More broadly, a 2020 study found that as many as half of all sandy beaches around the world could disappear by the end of the century because of sea level rise. Even by 2050, scientists say, many coastlines could be unrecognizable compared to what people see today, with 14-15% facing severe erosion.
Sea level in this part of coastal North Carolina has risen roughly 3 inches since the early 1980s, according to NASA. Coastal erosion costs around half a billion dollars each year in the form of deteriorated structures and land that is lost to the rising ocean.
Many coastal communities in the United States experience nuisance flooding, or high-tide flooding, on a regular basis. Higher sea levels, caused by warmer water temperatures and melting glaciers and ice sheets, increase the hazards coastal homeowners are exposed to. Hurricane storm surge is creeping higher, and homes and other critical infrastructure are now exposed to saltwater and erosion that they weren’t a few decades ago.

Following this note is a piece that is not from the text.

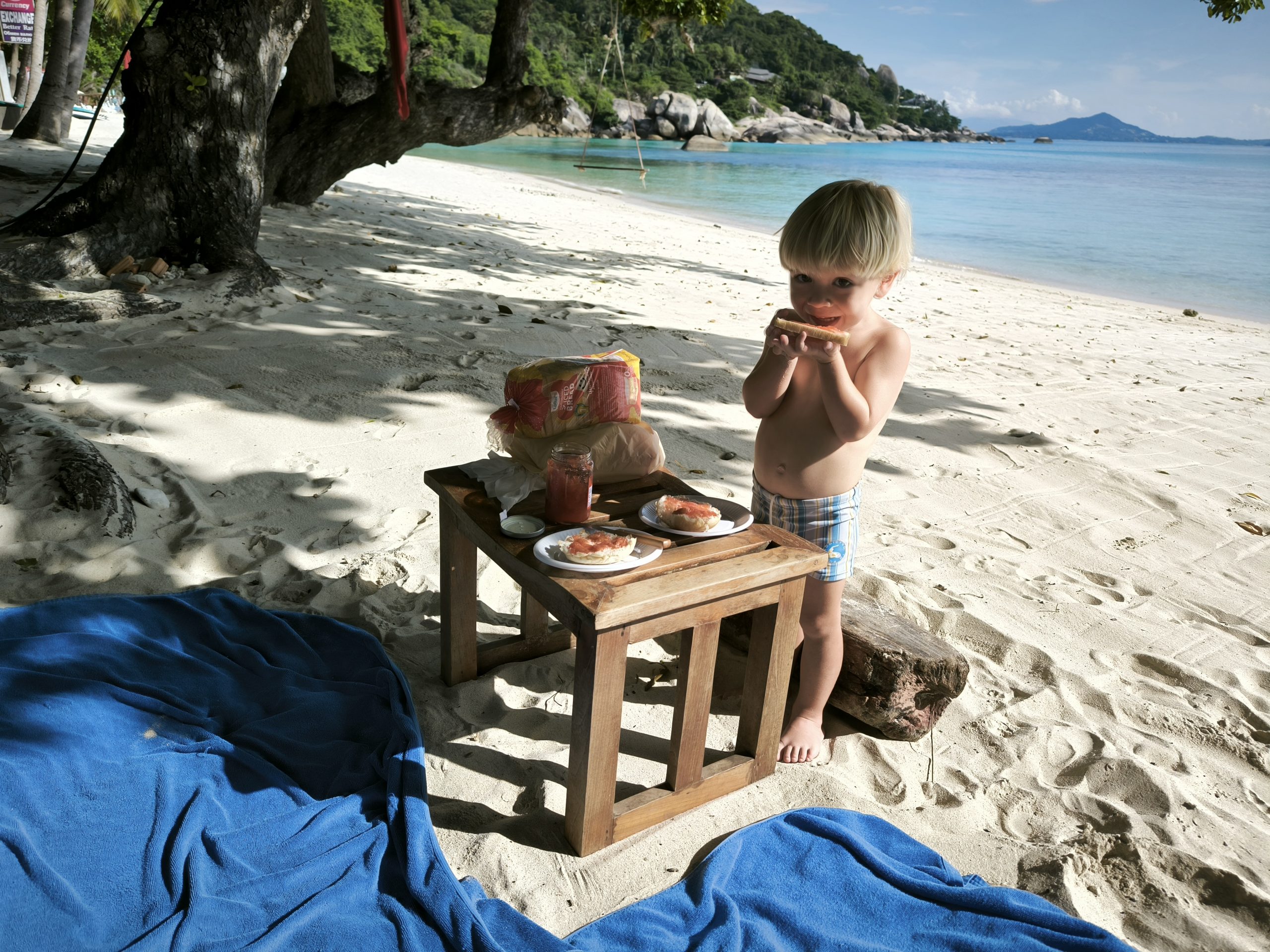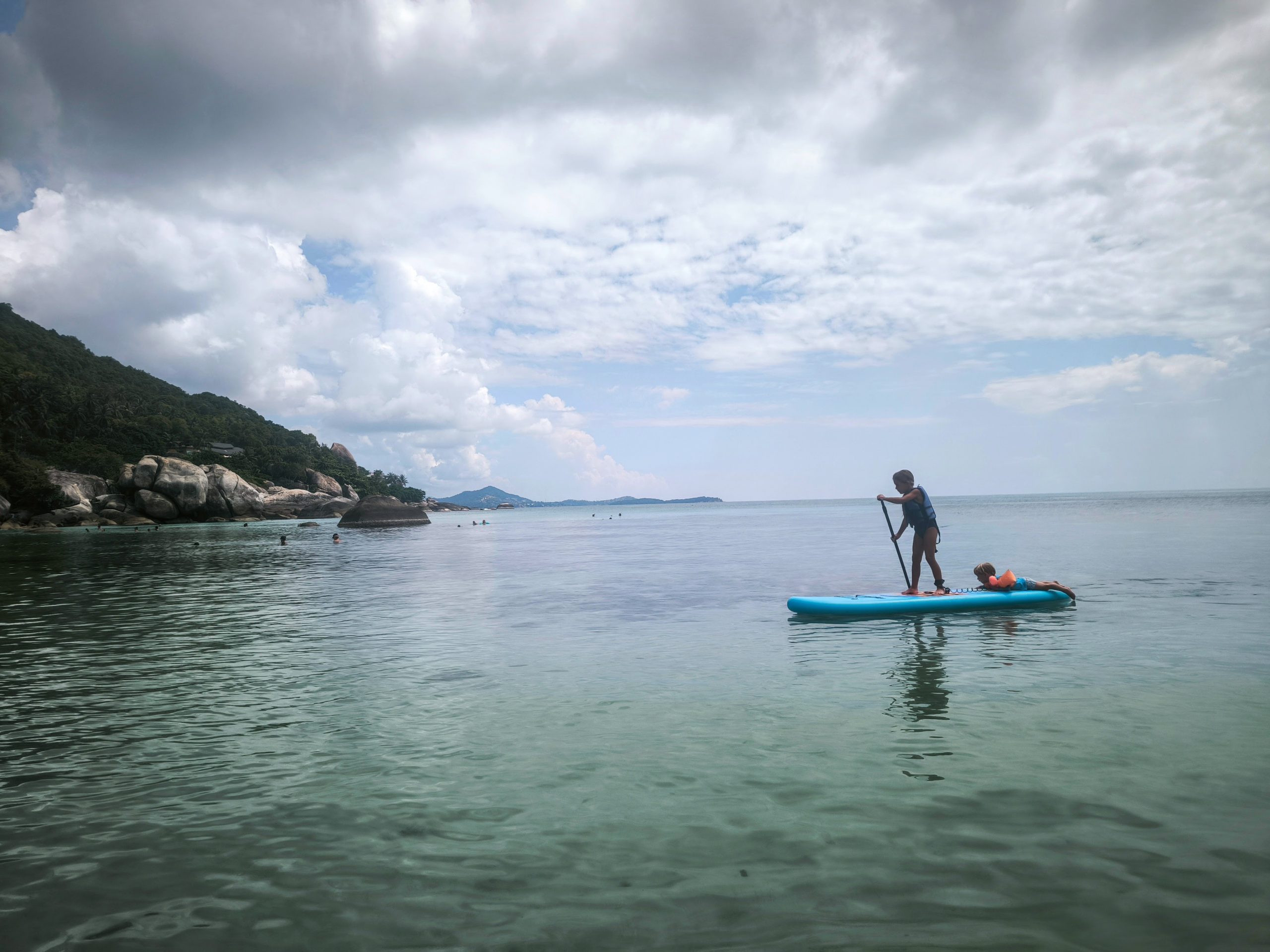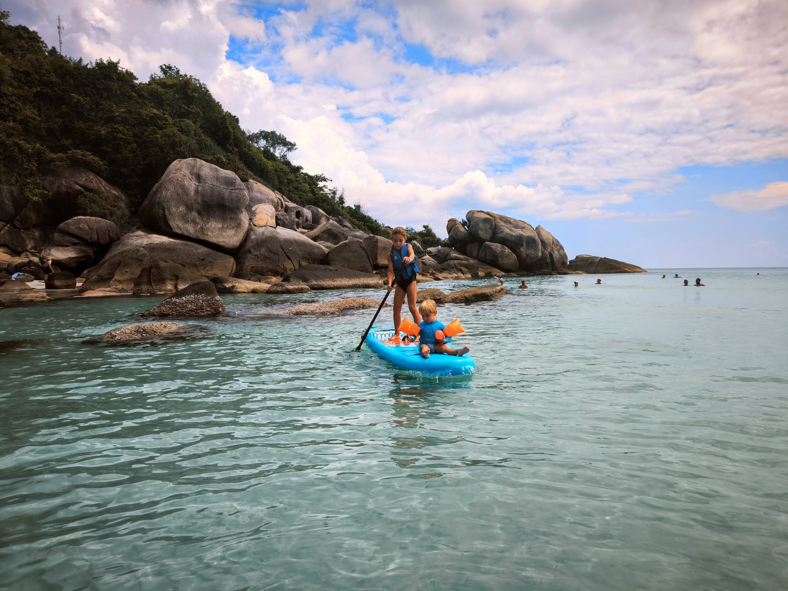 Während einer von uns tauchen ist, kümmert sich derdie andere um die Kinder. In meiner Abwesenheit mietet Antje ein Stand-Up-Paddleboard, und schon kurze Zeit später schießt Nele mit Ian durch die Bucht, als sei der weiße Hai persönlich hinter ihnen her. Während Antjes Tauchgang unternehmen wir einen Ausflug zum Na-Muang-Wasserfall. Ich erinnere mich noch vom letzten Besuch: Hier kann man nicht nur am Fuß des Wasserfalls baden, sondern davor auch ein paar Elefanten füttern.

The UN Intergovernmental Panel on Climate Change has concluded that risks associated with climate change-induced sea level rise will increase significantly along all low-lying coastal communities unless meaningful and major adaptation efforts are made. An update on that report, set to be released later this month, is expected to emphasize those projections and also show how the climate crisis is already impacting coastal communities.